Творчество есть процесс, а не единичный акт, и этот процесс, по мнению Хлебникова, вовсе не обязательно подразумевает единоличность. Пример тому — сотрудничество с Кручёных. Поскольку соавторами они бывали неоднократно, удивляться тому, что Хлебников уведомляет Кручёных о его праве вносить изменения в присылаемый текст (СП V: 298), не приходится.26 Хлебников не только сам переработал свои произведения, но и позволял это делать другим. То, что кому-то представляется небрежным обращением с рукописями, на поверку может оказаться осознанным и вполне приемлемым подходом к творческому процессу.

II
Именно динамичность творческого процесса Хлебникова способствовала пониманию его поэзии как „одного бесконечного стихотворения”27 или „огромной фрески, непрерывно создаваемой”.28 Дело в том, что, помимо разрастания дорабатываемого произведения в набор самостоятельных вариантов, излюбленным приёмом Хлебникова были вариации на одну и ту же тему. Эстетический принцип, которым, по-видимому, он руководствовался, таков: на одном уровне отдельные произведения допустимо рассматривать как самостоятельные, на другом — поскольку творческий процесс, их порождающий, динамичен — они взаимодействуют с другими отдельностями, которые, в свою очередь, ещё с кем-то и так далее. Такой “символ веры” находит свой критический отклик в “открытом подходе”, обсуждавшемся ранее.29 Роналд Вроон полагает, что

‹...› всё творчество поэта представляет собой целостный комплекс, где любое отдельно взятое произведение заключает в себе множество других.
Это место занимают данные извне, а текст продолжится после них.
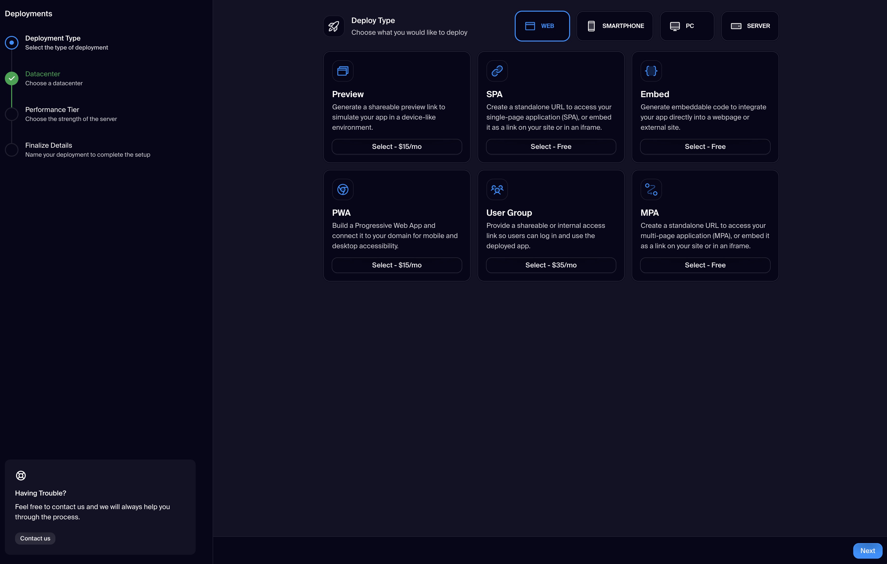 Xuda’s deployment system allows you to launch your application across a wide range of formats from a single platform. Whether you need a Progressive Web App (PWA), a native smartphone app, or a server-side API hub, our flexible options make it simple. Each deployment runs in a secure, isolated environment, ensuring high performance and reliability. With minimal configuration, you can make your project accessible on any platform or device, streamlining your path from development to a global audience.

Если рассматривать таковые порознь, они могут показаться фрагментарными или композиционно беспорядочными, но когда эти фрагменты сомкнуты с другими, они образуют единое целое.30

Поэтому-то у Хлебникова столь многочисленны циклы или “созвездия”. Поэт как бы тяготел к этой форме в силу естественного влечения. Более того, это влечение, похоже, было осознанным.31

Неверно думать, будто Хлебников был принципиально против использования традиционных жанровых индикаторов или не имел склонности экспериментировать с некоторыми редкими жанрами.32 Очевидно другое: настойчивое стремление поэта вырваться за рамки прописных ограничений ради собственного понимания задач литературы. Направление, которое избрал Хлебников, — композиционная форма, названная им сверхповестью (заповестью) — тот же цикл, но единственный в своём роде по разнообразию используемых приёмов.33 Хлебников замыкает различные тексты — иногда в смеси форм (стихи, проза, драма) — в рамки единой структуры. Каждый текст сохраняет самовитость, но в то же время тяготеет к смежным, создавая впечатление взаимосвязанности. Хлебников, надо полагать, искал подходы к форме сверхповести ещё на заре русского футуризма. В письме Каменскому (август 1909) читаем:


Задумал сложное произведение «Поперёк времени», где права логики времени и пространства нарушались бы столько раз, сколько пьяница в час прикладывается к рюмке. Каждая глава должна не походить на другую. При этом с щедростью нищего хочу бросить на палитру все свои краски и открытья, а они каждое властны только над одной главой ‹...›.
НП: 358

Слова о нарушении прав логики времени и пространства наводят на мысль, что Хлебников предполагал некое формальное новшество применительно к собственным изысканиям способов преодоления временны́х барьеров. Именно такое преодоление налицо в «Детях Выдры», где нимало не совпадающие во времени (и пространстве) Ганнибал, Разин и Коперник мирно беседуют на острове Хлебникова. Вопросы времени и законов, которые, по мнению поэта, управляют им, без околичностей поставлены в «Зангези», кульминационной сверхповести Хлебникова.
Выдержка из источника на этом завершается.